John F. Lundgren (born September 1951) is an American businessman most notable as the former CEO and chairman of Stanley Black & Decker.

==Early life and education==
Lundgren was born in Braintree, Massachusetts. He is a graduate of Dartmouth College where he was the captain of the golf team. He received his MBA from Stanford University.

==Career==
Lundgren became 1995 the President of European Consumer Products at James River Corporation and held that position until 1997. In 1997 he became the President of European Consumer Products for Fort James Corporation. In January 2001 he was the President of European Consumer Products at Georgia-Pacific which he held until February 2004.

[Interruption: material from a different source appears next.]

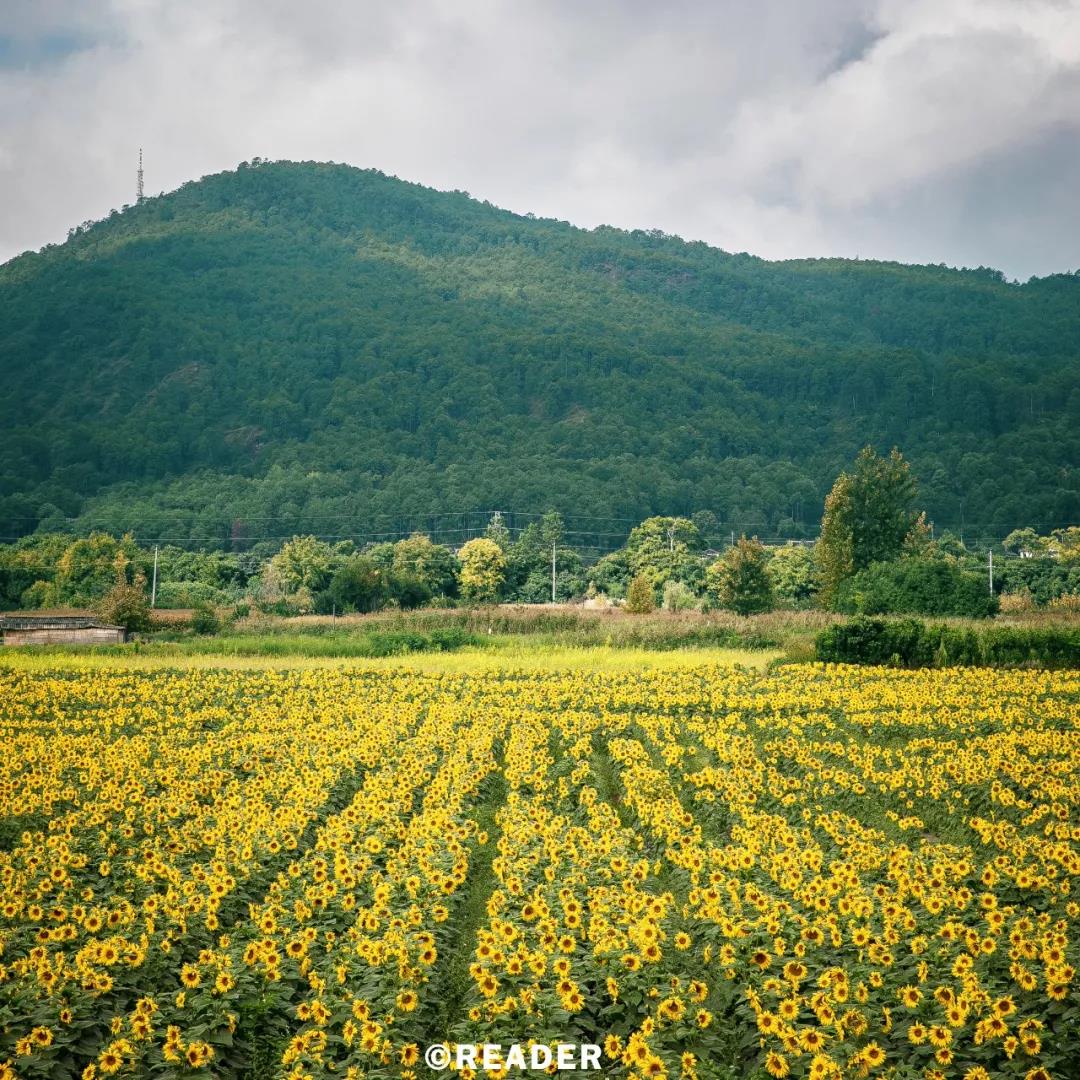 大片的金黃,一下子就牢牢抓住了你的目光,這時,你只會遵循身體的本能,下車,奔向這片向日葵的海洋。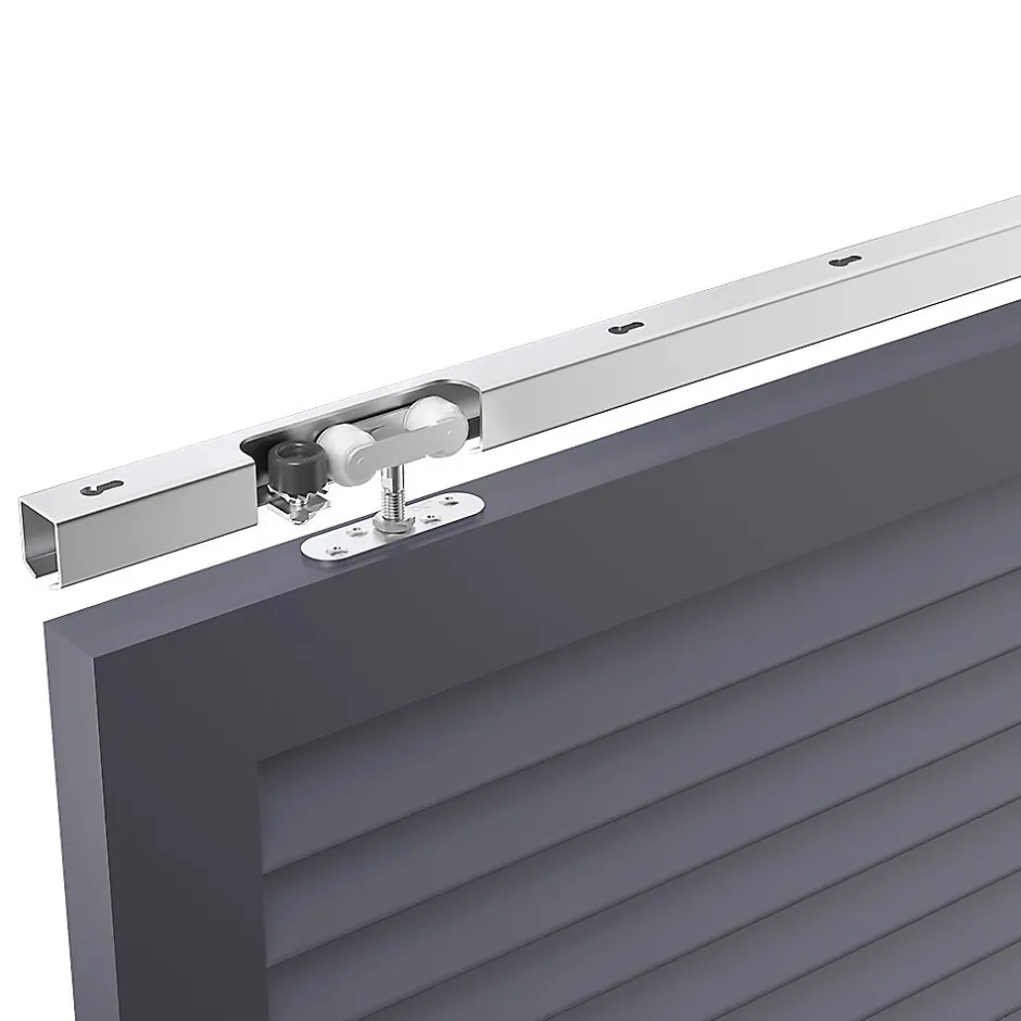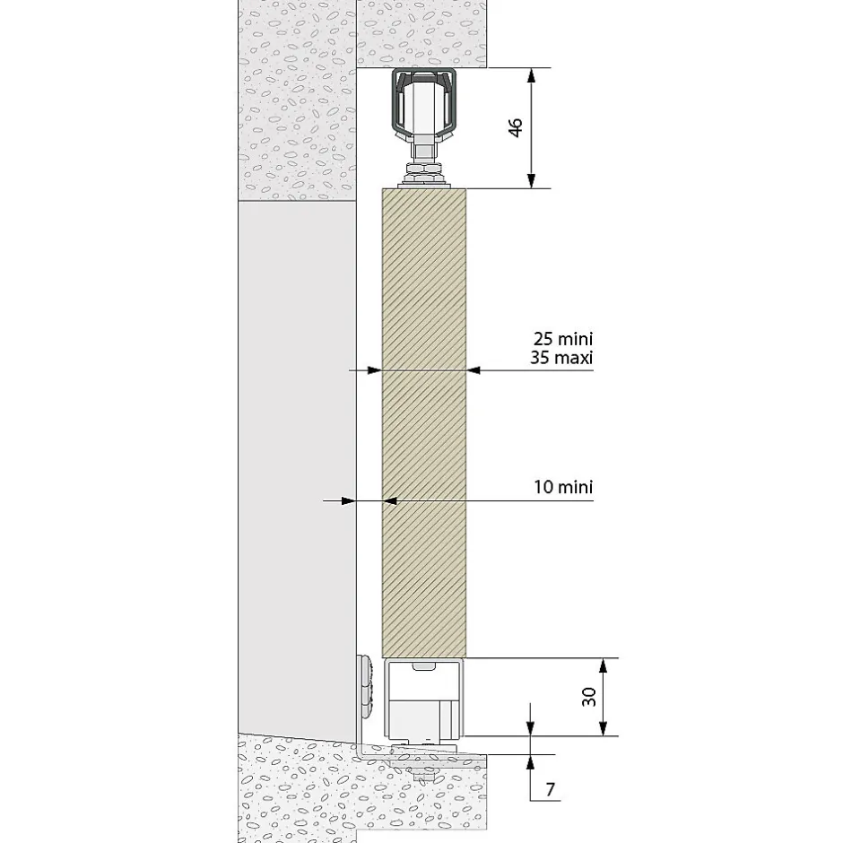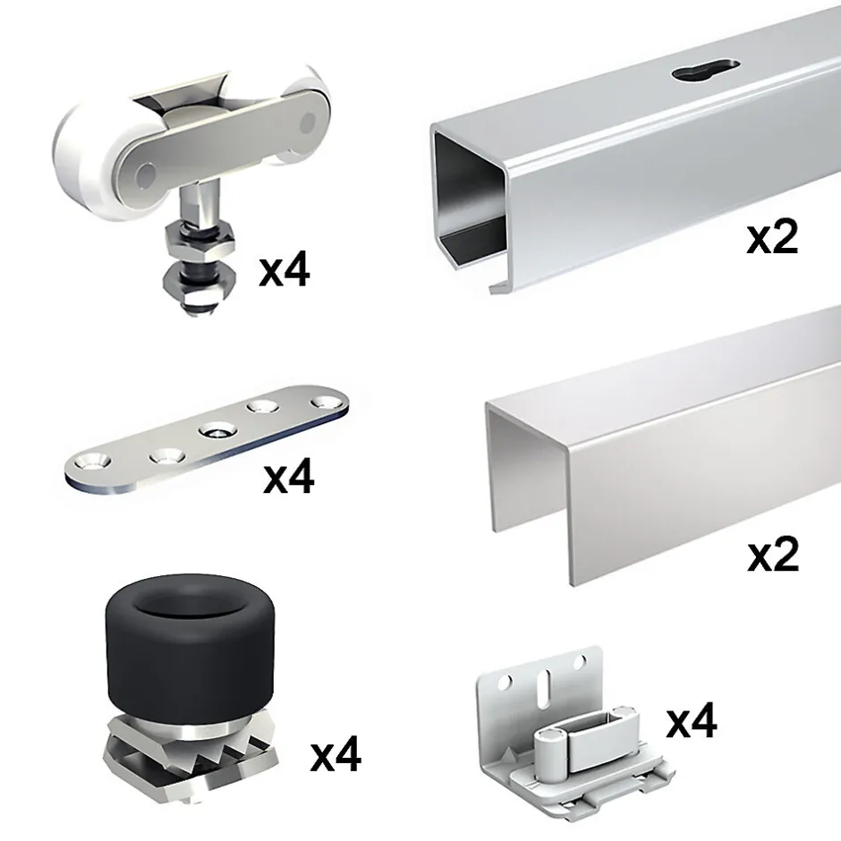 Système coulissant SLID’UP 1400 pour volet 2 panneaux Montage au plafond (sous linteau) Poids max des panneaux : 30 kg chacun Rails en acier galvanisé : 2 x 1,95 m Largeur max de la baie : 1890 mm Garantie : 5 ans Attention : Volet non compris dans le kit. Système coulissant SLID’UP 1400 pour volet permettant le déplacement manuel de deux panneaux coulissants de 30 kg maximum (bois, aluminium, PVC…).Ce kit est conçu pour un montage au plafond (sous linteau).Les montures en acier avec galet en nylon assurent un déplacement à la fois fluide, silencieux et sans effort.Tous les éléments nécessaires sont fournis dans le kit pour un montage en façade rapide et facile. Spécifications à respecter : – Largeur max de la baie : 1890 mm- Poids max des panneaux : 30 kg chacun- Épaisseur des panneaux : 25-35 mm Contenu du kit : – 2 rails en acier galvanisé longueur = 1,95 m- 2 profils de guidage en U longueur = 1,95 m- 4 montures sur axe lisse avec galets en nylon- 4 platines en acier à visser sur chant (épaisseur panneau 20 mm min)- 4 guides bas réglables sur équerre- 4 butées à pince (force réglable) Options : 1313 : verrou de volet coulissant en métal SU5030 : kit de synchronisation pour 2 panneaux Toutes les pièces détachées pour SLID’UP 1400

On March 1, 2004, he was made the Chairman of Stanley Black & Decker until March 12, 2010, when he was made the President. He was again named chairman from March 13, 2013. This meant he was CEO or chairman of Stanley Black & Decker from March 1, 2004, through July 31, 2016.

In 2010, he was one of the highest paid CEOs, with compensation of $32.6 million that year.

==Board memberships==
Lundgren is a member of the board of directors of the National Association of Manufacturers (NAM). He has been a director of Topgolf Callaway Brands since 2009.

In 2023, Lundgren was named of Chairman of Visa Inc.

==Personal life==
Lundgren is married to Tamara Lundgren, CEO of Radius Recycling. In August 2005, they were married at The Berkeley in London.